Proof of concept: Geheimsprache

Want to put this up for discussion: http://yanone.de/typedesign/code/geheimsprache/
Any useful?

Comments

  • it's a fun idea! if you're interested in crypto and want to learn about how to break your own implementation, i suggest you look at the matasano crypto challenges.

    i suspect the value in geheimsprache is primarily in obfuscating email addresses and telephone numbers so they won't be crawled but can be viewed by regular folks. the challenge is that the 'attacker' has access to the rebuilt font (and the table), but even if they didn't and only had access to the ciphertext, you're still victim to the predictability of the language you're communicating in. sign up for the challenge, you'll be surprised how fun this is. seriously!

    i suspect you're right that most crawlers won't go to the effort, but your friends might groan when they copy and paste and try to send an email to ҸÏ×╥╡ĪңЬOõңOÏaO╇ĪĪΞÏңЬụ.
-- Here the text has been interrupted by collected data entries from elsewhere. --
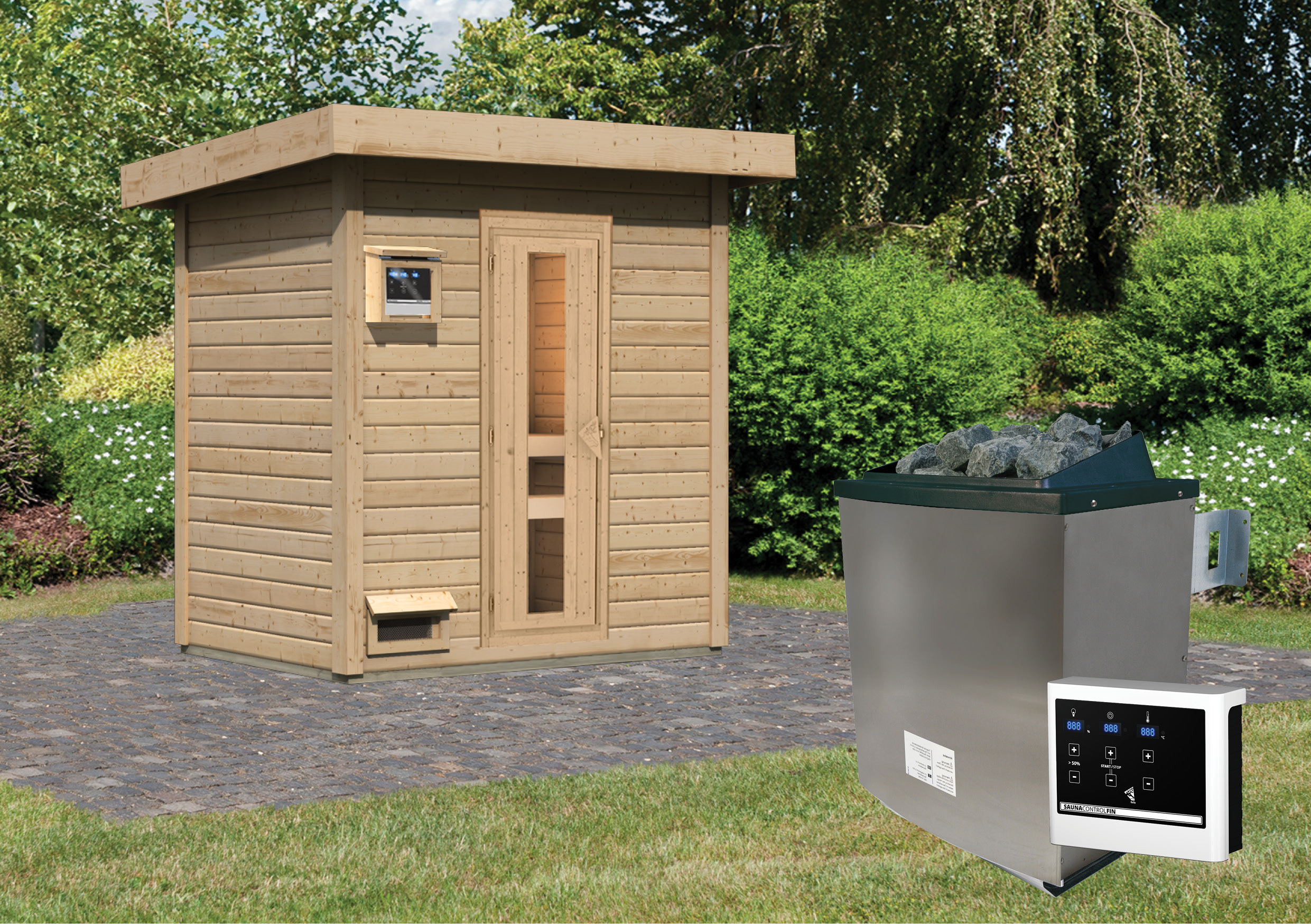 Das Saunahaus Hytti bietet mit einem Außenmaß von 196 x 146 x 228 cm genügend Raum zum Entspannen. Nach einem stressigen Arbeitstag sich in den eigenen Garten zurückziehen und in der Außensauna entspannen oder den Urlaubstag im Garten mit einem ausgiebigen Saunagang abrunden. Das Saunahaus besteht aus 38mm Massivholzbohlen aus nordischem Fichtenholz und wird im einfachen Steck- und Schraubsystem montiert. Es ist in klassischem Naturbelassen oder Terragrau lackiert erhältlich.
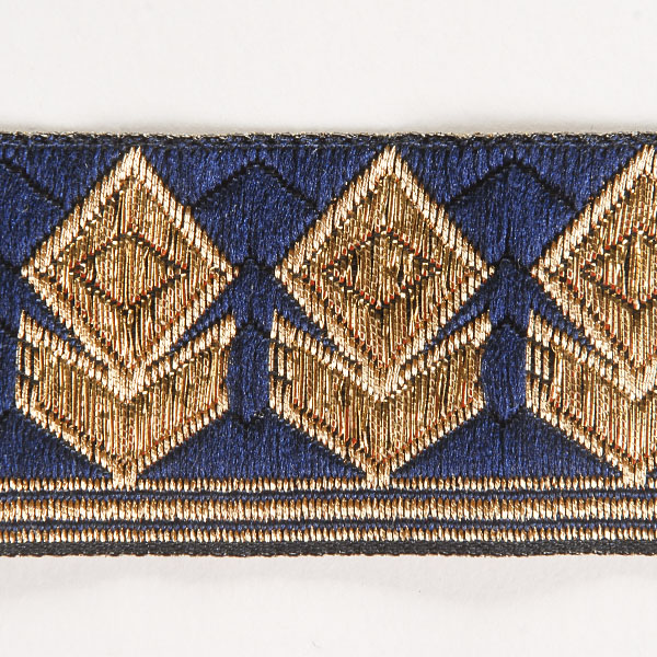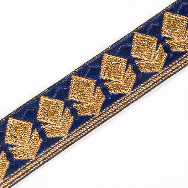Stuha žakárová geometrický vzor tm.modrá s kovovým vláknem zlaté barvy s výšivkou zlatých geometrických tvarů.Stuha žakárová geometrický vzor tm.modráStuha tmavě modré barvy se zlatým geometrickým vzorem, je vhodná na dozdobení oděvu, dobového kostýmu či aplikaci na tašky, klobouky a podobně.
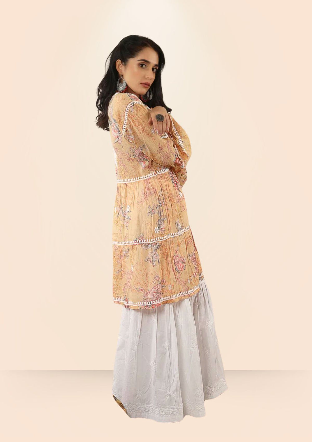 HOC Jugni Chikankari Printed Mulmul Straight Kurta
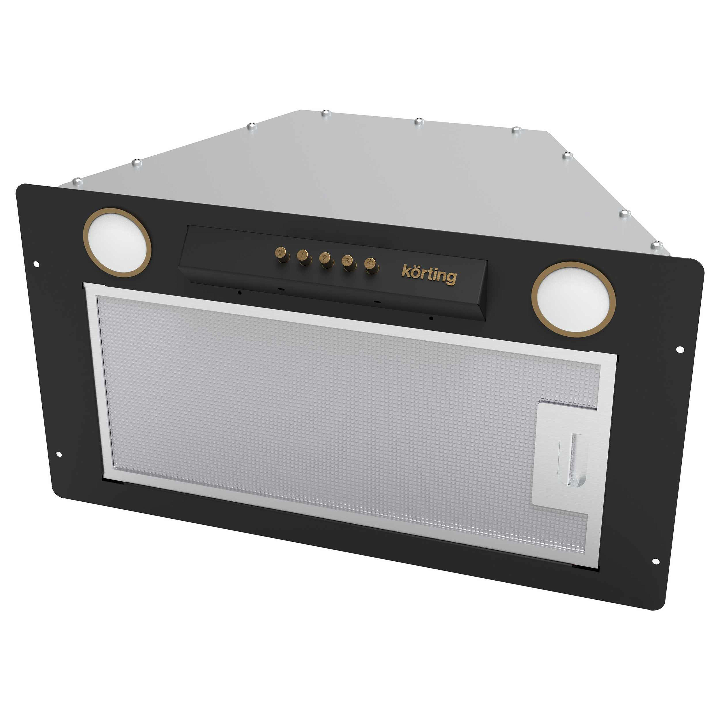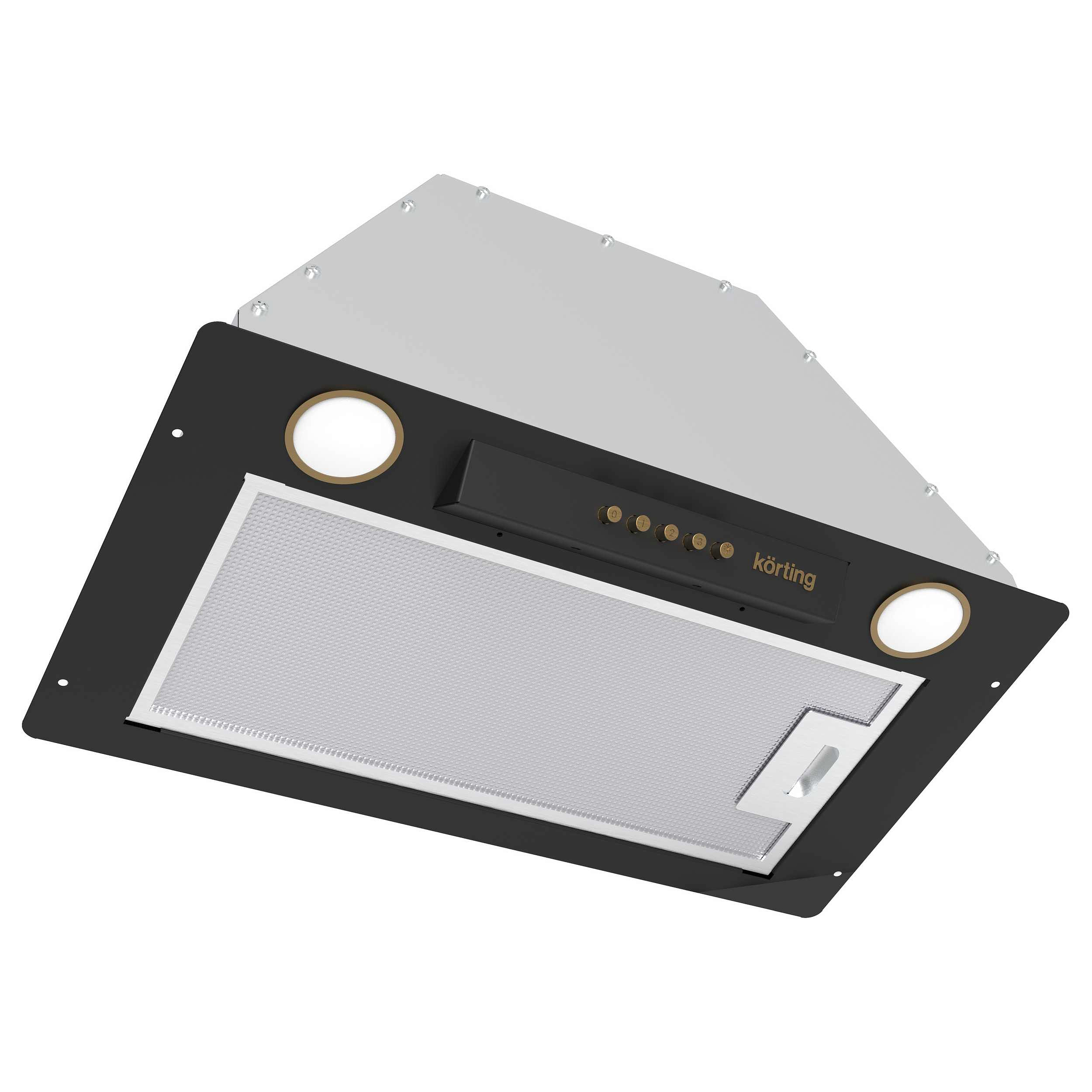 Вытяжка — это удачное сочетание лаконичного дизайна и практичной функциональности. Её корпус выполнен в глубоком чёрном цвете с матовым покрытием, дополнен стильной бронзовой фурнитурой и изготовлен из окрашенной стали, что обеспечивает устойчивость к повседневным загрязнениям и лёгкий уход. Благодаря компактным габаритам — ширина 49,5 см, глубина 28 см, высота 23,5 см — модель идеально встраивается в подвесной шкаф с нишей 46×26,5×23,5 см, сохраняя чистые линии фасада без выступов. Такое решение особенно ценно для небольших кухонь, где каждый сантиметр на счету.

    i think if i were publishing a blog that contained sensitive topics or a diary i wanted my friends to be able to read, but that i wanted to be uncrawlable, i might go in for this, but i might also be irritated a few years down the road if the only copy is an Internet Archive post of gibberish when my server goes belly up. who knows. i could easily see publishers thinking this was a great idea for stymying instapaper-like products until the support emails came in.
  • yanone
    yanone Posts: 130
    Or simply a way to create better looking captchas.
  • yanone
    yanone Posts: 130
    What my brother just told me is making the idea look really stupid:

    If you print that page to a PDF, you can select and copy/paste that text and it will copy as human readable text, not the transmitted garbage.
    Tried in Acrobat Reader and Mac’s Preview.app.
    Do they have OCR built in?
  • That's awesome, probably a much simpler explanation than OCR. Just a guess but I'd assume that pdfs are being encoded with something like the cid table or the glyph names rather than unicode values.
  • PabloImpallari
    PabloImpallari Posts: 806
    edited March 2014
    Mmmmm... interesting...... let's see....
    - In the scrambled webfont, the Unicode is shuffled (but the Glphynames remains correct).
    - In the generated Pdf, the subsetted/embedded font is correctly encoded again.
    How can that happen?
    I'm guessing that the soft in charge of creating the Pdf it's using the Glphynames to re-encode the auto-generated subsetted/embedded font that gets inside the Pdf.
    I doubt it has anything to do with OCR.

    If you try shuffling both, the Unicode AND the Glphynames, the Pdf generating algorithm should not be able to re-encode the font... I guess....
  • Yes, scramble the glyph names as well.